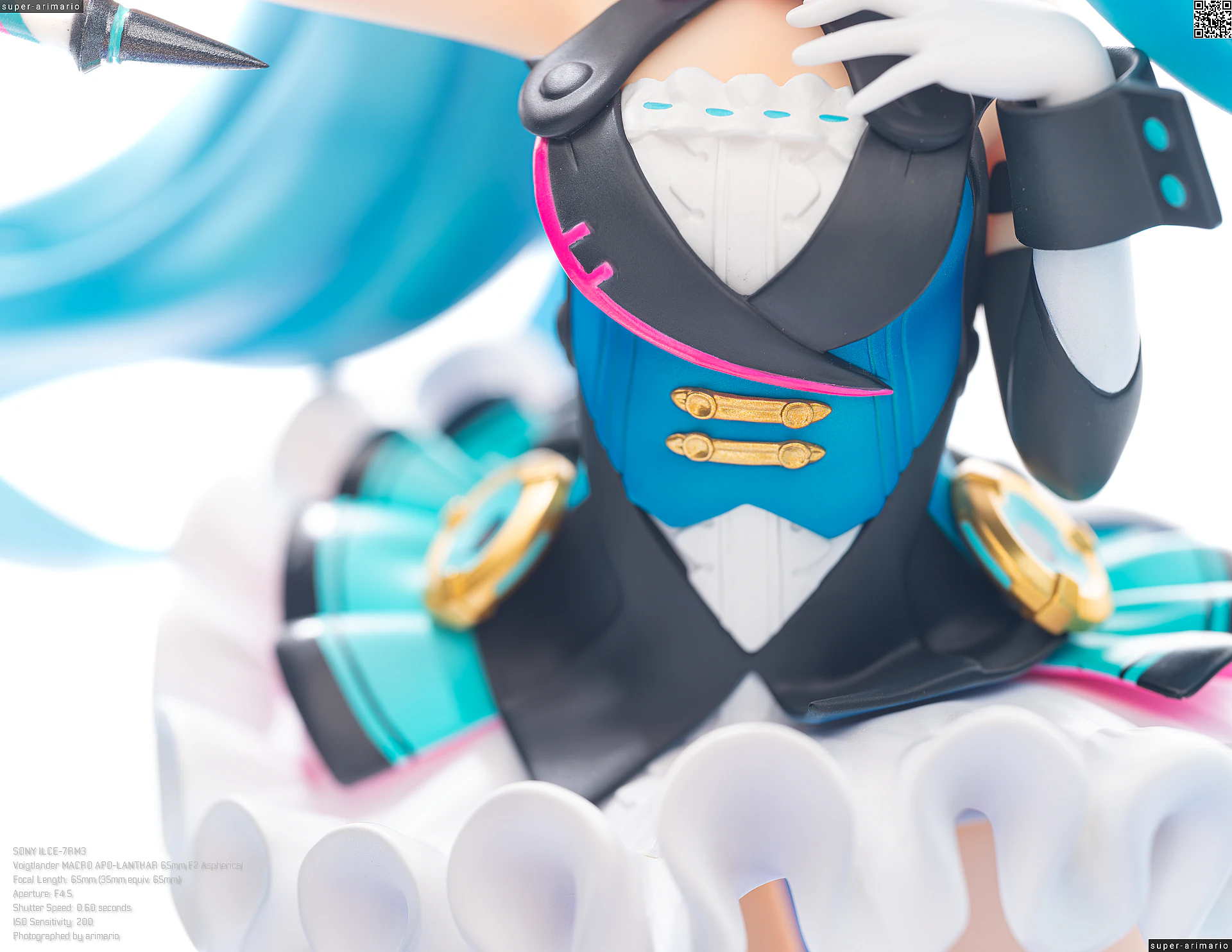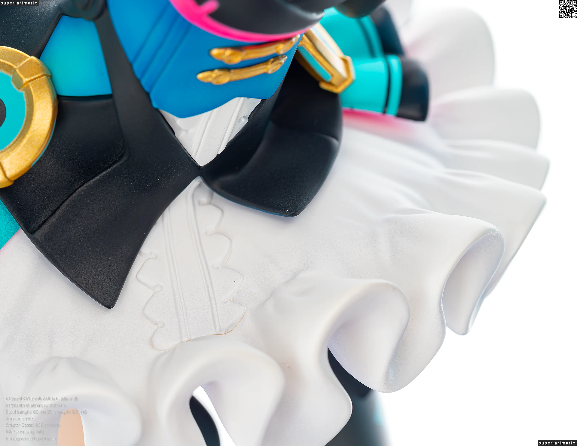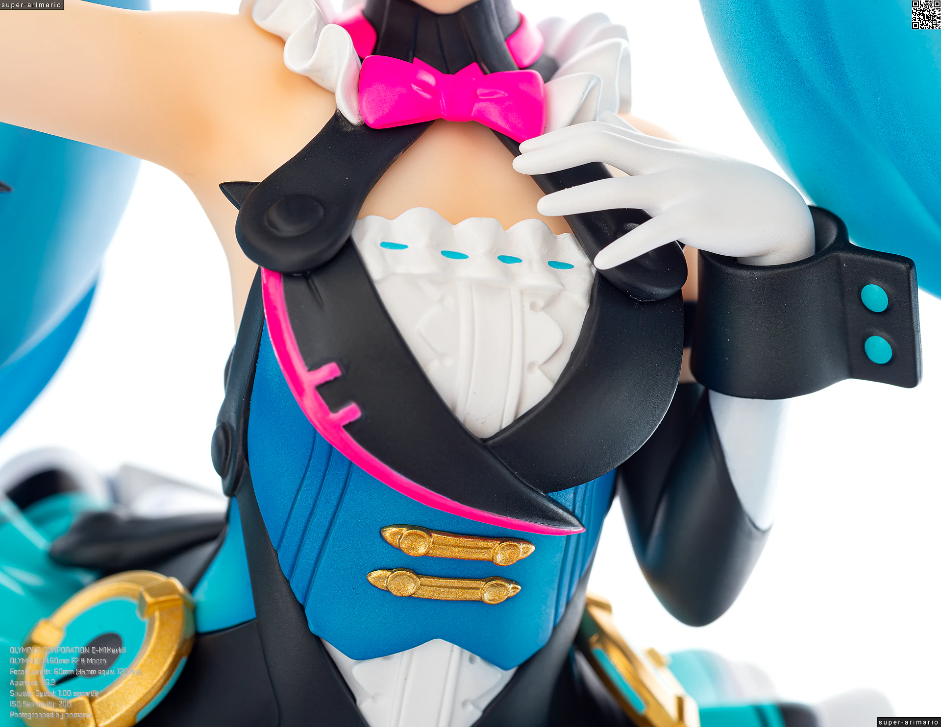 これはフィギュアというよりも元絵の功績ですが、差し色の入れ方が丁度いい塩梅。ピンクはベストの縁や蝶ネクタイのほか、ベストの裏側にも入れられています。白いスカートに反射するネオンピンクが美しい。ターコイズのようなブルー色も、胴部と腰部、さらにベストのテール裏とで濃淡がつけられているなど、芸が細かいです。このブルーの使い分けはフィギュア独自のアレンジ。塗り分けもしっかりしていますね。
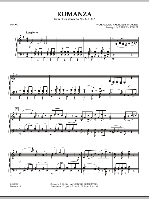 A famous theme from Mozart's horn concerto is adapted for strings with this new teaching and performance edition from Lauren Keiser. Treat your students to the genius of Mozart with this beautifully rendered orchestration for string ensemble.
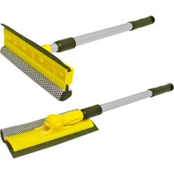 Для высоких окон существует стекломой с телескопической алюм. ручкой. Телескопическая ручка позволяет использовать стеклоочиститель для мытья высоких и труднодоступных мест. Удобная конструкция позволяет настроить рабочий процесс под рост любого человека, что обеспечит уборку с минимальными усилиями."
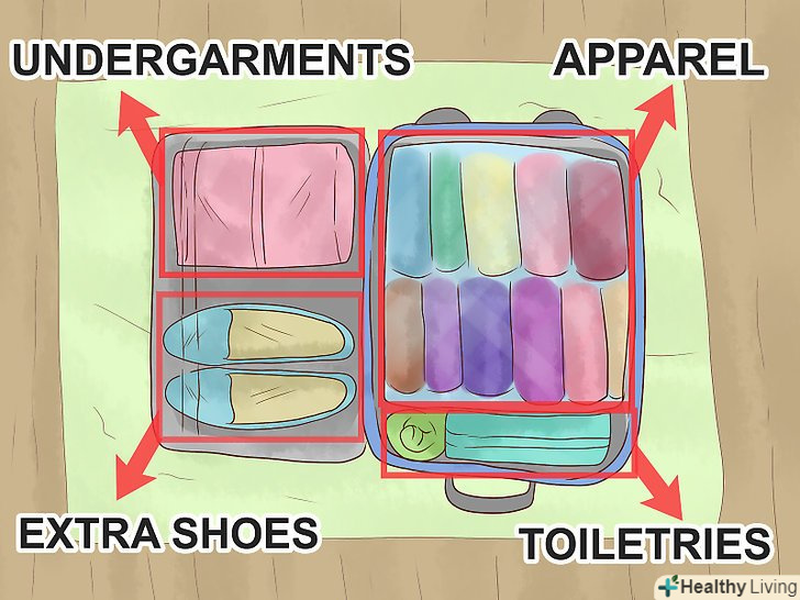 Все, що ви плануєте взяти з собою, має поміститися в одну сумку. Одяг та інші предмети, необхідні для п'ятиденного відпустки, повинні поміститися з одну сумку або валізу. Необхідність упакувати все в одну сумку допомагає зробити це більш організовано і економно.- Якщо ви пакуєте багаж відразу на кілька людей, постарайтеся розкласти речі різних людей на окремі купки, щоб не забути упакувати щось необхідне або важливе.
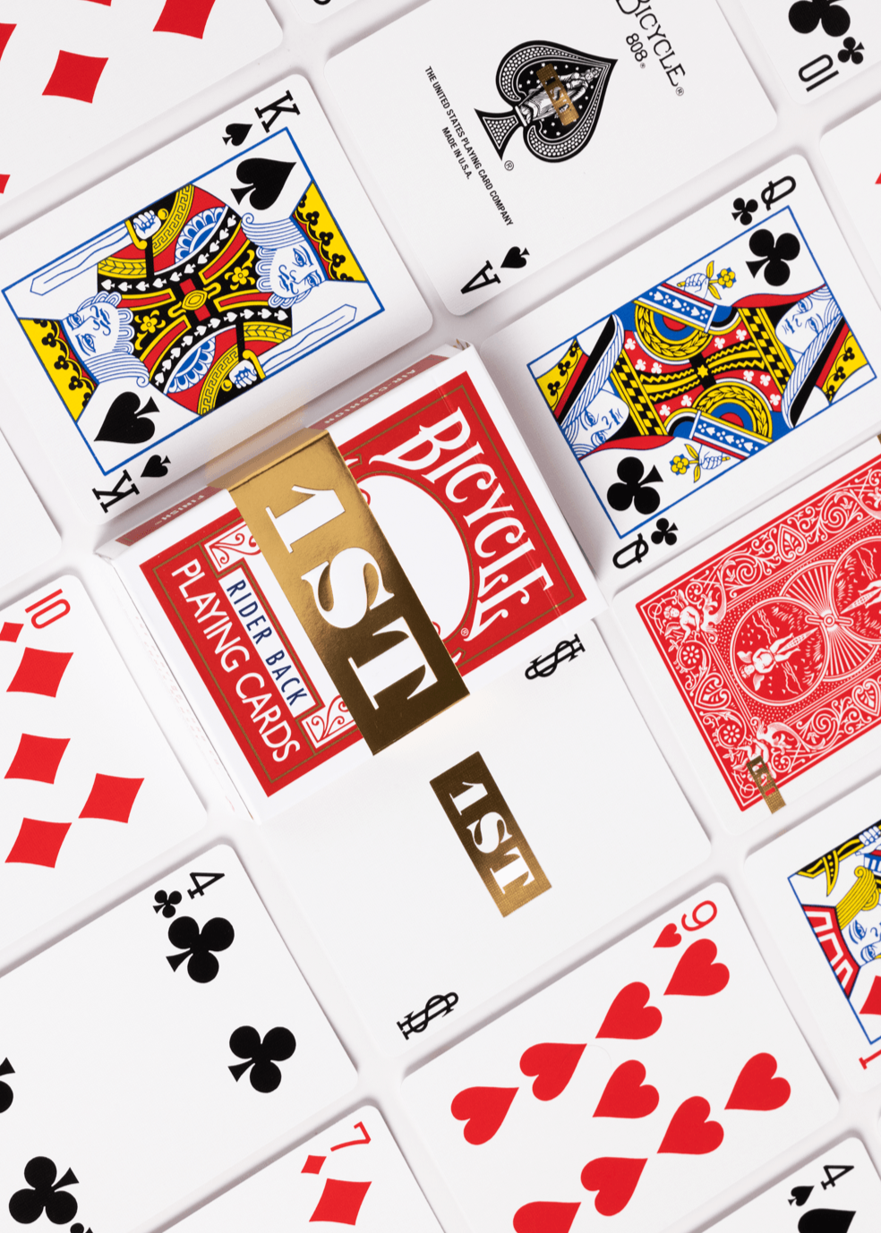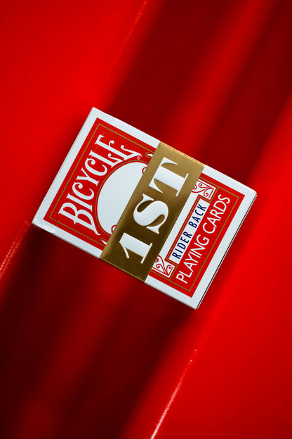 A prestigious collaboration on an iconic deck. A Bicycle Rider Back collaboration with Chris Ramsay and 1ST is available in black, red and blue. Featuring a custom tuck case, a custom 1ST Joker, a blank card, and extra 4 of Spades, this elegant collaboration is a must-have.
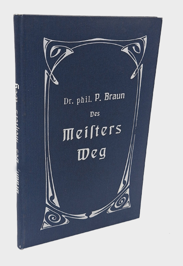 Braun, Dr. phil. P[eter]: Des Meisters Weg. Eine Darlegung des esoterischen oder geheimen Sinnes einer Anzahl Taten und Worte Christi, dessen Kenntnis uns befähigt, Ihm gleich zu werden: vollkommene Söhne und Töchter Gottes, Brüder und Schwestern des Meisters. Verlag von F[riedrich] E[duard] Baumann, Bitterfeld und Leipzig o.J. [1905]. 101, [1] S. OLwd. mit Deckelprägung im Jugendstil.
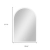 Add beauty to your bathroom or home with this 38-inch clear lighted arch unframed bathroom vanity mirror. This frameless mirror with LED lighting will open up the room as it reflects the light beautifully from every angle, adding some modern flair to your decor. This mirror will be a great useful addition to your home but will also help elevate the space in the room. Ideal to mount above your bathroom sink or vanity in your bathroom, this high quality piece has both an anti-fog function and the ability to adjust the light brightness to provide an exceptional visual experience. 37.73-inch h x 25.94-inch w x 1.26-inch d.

────

## [ASSIGNED TASK]
In the listing above, find the line with "A famous theme" and the line with "Для высоких окон". Transcribe those two and everything between, exactly, leaving out pictures.

## [ANSWER TO THE EXERCISE]
 A famous theme from Mozart's horn concerto is adapted for strings with this new teaching and performance edition from Lauren Keiser. Treat your students to the genius of Mozart with this beautifully rendered orchestration for string ensemble.
 Для высоких окон существует стекломой с телескопической алюм. ручкой. Телескопическая ручка позволяет использовать стеклоочиститель для мытья высоких и труднодоступных мест. Удобная конструкция позволяет настроить рабочий процесс под рост любого человека, что обеспечит уборку с минимальными усилиями."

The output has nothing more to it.